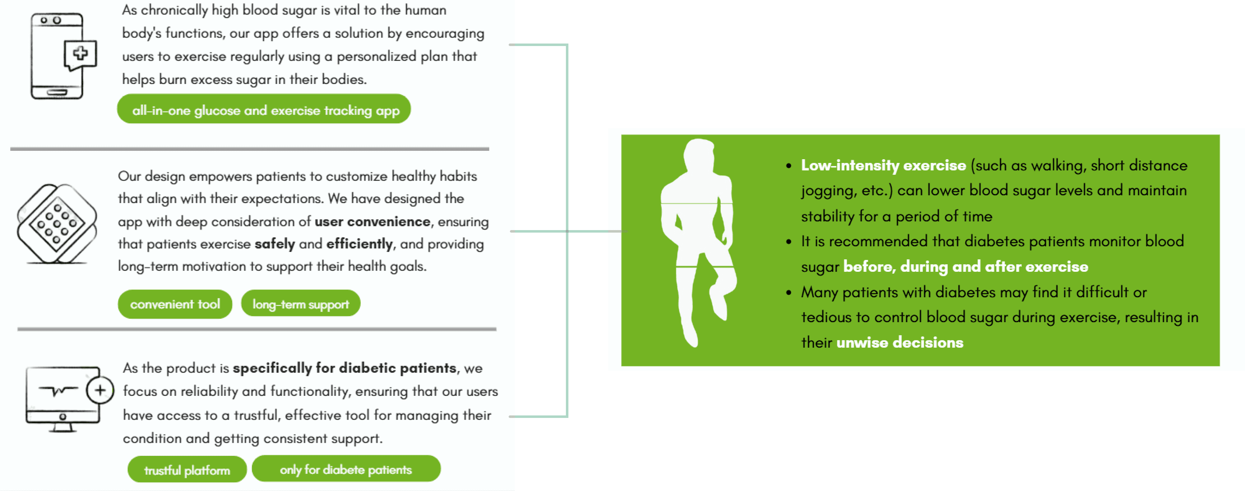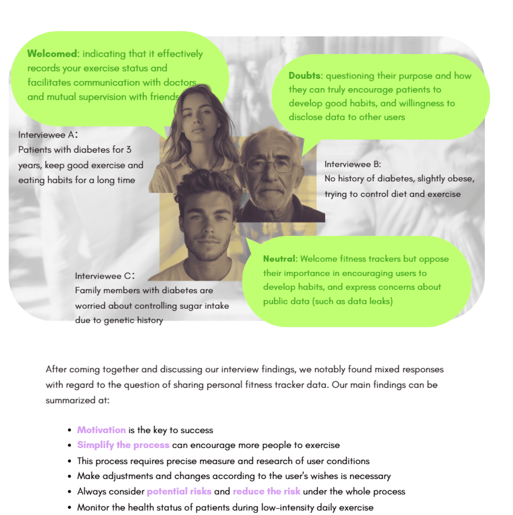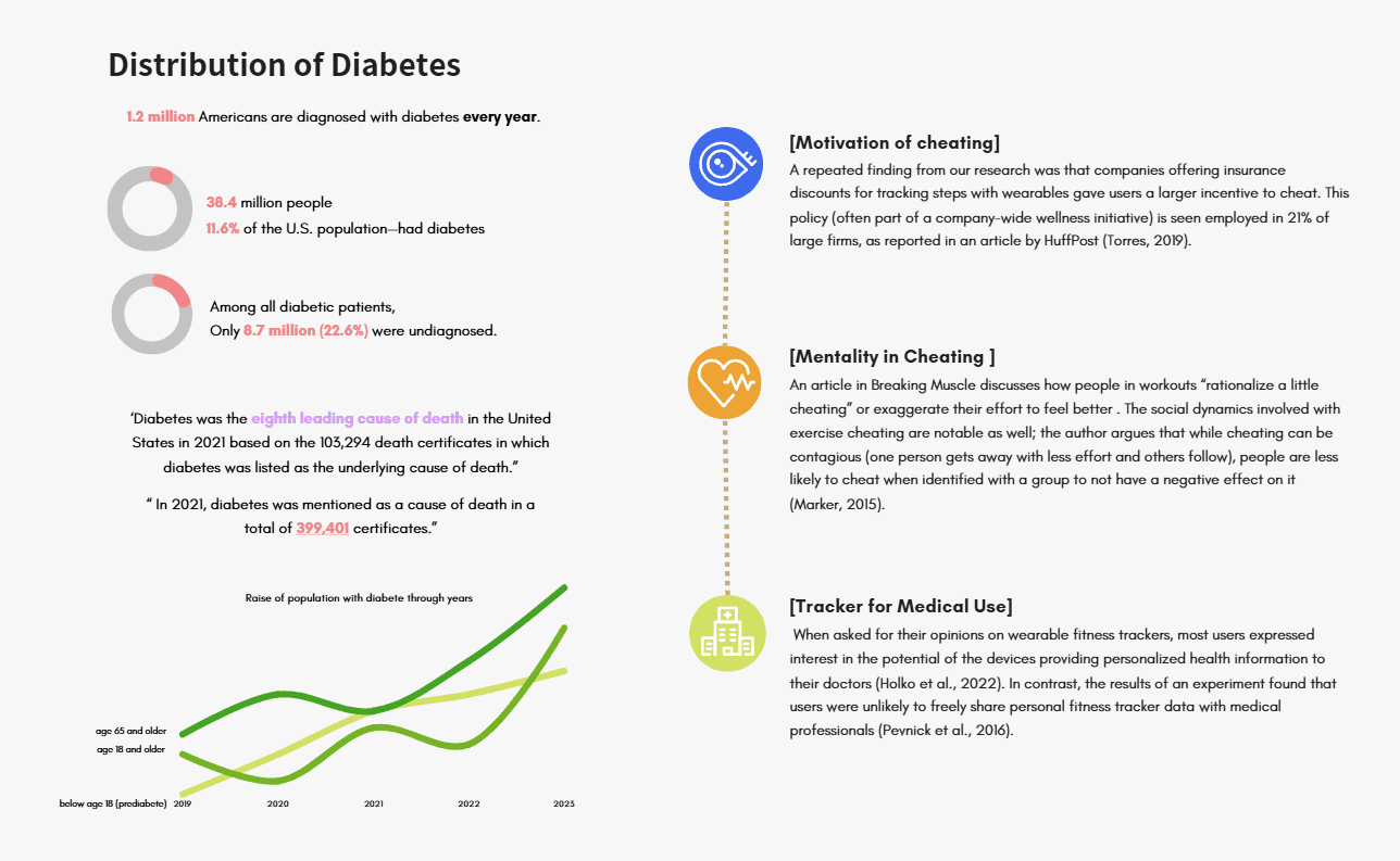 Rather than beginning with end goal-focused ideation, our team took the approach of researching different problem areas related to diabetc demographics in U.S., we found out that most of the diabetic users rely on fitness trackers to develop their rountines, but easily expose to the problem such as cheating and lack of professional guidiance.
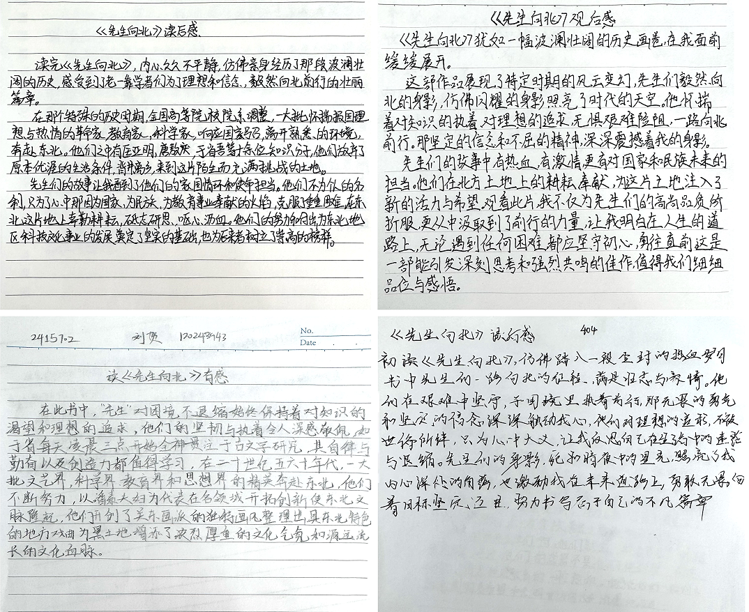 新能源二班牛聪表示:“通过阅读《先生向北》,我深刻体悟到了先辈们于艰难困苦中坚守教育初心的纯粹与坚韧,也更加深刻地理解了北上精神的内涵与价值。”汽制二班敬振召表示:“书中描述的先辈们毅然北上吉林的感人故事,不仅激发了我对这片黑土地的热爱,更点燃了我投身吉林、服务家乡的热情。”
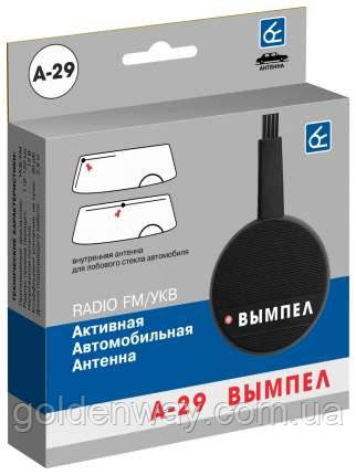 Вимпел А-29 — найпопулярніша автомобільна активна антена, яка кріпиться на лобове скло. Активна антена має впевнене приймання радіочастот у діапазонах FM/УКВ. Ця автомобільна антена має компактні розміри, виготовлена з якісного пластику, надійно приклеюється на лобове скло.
━━━━━━━━━━━━━━━━━━━━━━━━━━━━━━
Everything in the data except the pictures must appear in your answer unchanged.

 Rather than beginning with end goal-focused ideation, our team took the approach of researching different problem areas related to diabetc demographics in U.S., we found out that most of the diabetic users rely on fitness trackers to develop their rountines, but easily expose to the problem such as cheating and lack of professional guidiance.
 新能源二班牛聪表示:“通过阅读《先生向北》,我深刻体悟到了先辈们于艰难困苦中坚守教育初心的纯粹与坚韧,也更加深刻地理解了北上精神的内涵与价值。”汽制二班敬振召表示:“书中描述的先辈们毅然北上吉林的感人故事,不仅激发了我对这片黑土地的热爱,更点燃了我投身吉林、服务家乡的热情。”
 Вимпел А-29 — найпопулярніша автомобільна активна антена, яка кріпиться на лобове скло. Активна антена має впевнене приймання радіочастот у діапазонах FM/УКВ. Ця автомобільна антена має компактні розміри, виготовлена з якісного пластику, надійно приклеюється на лобове скло.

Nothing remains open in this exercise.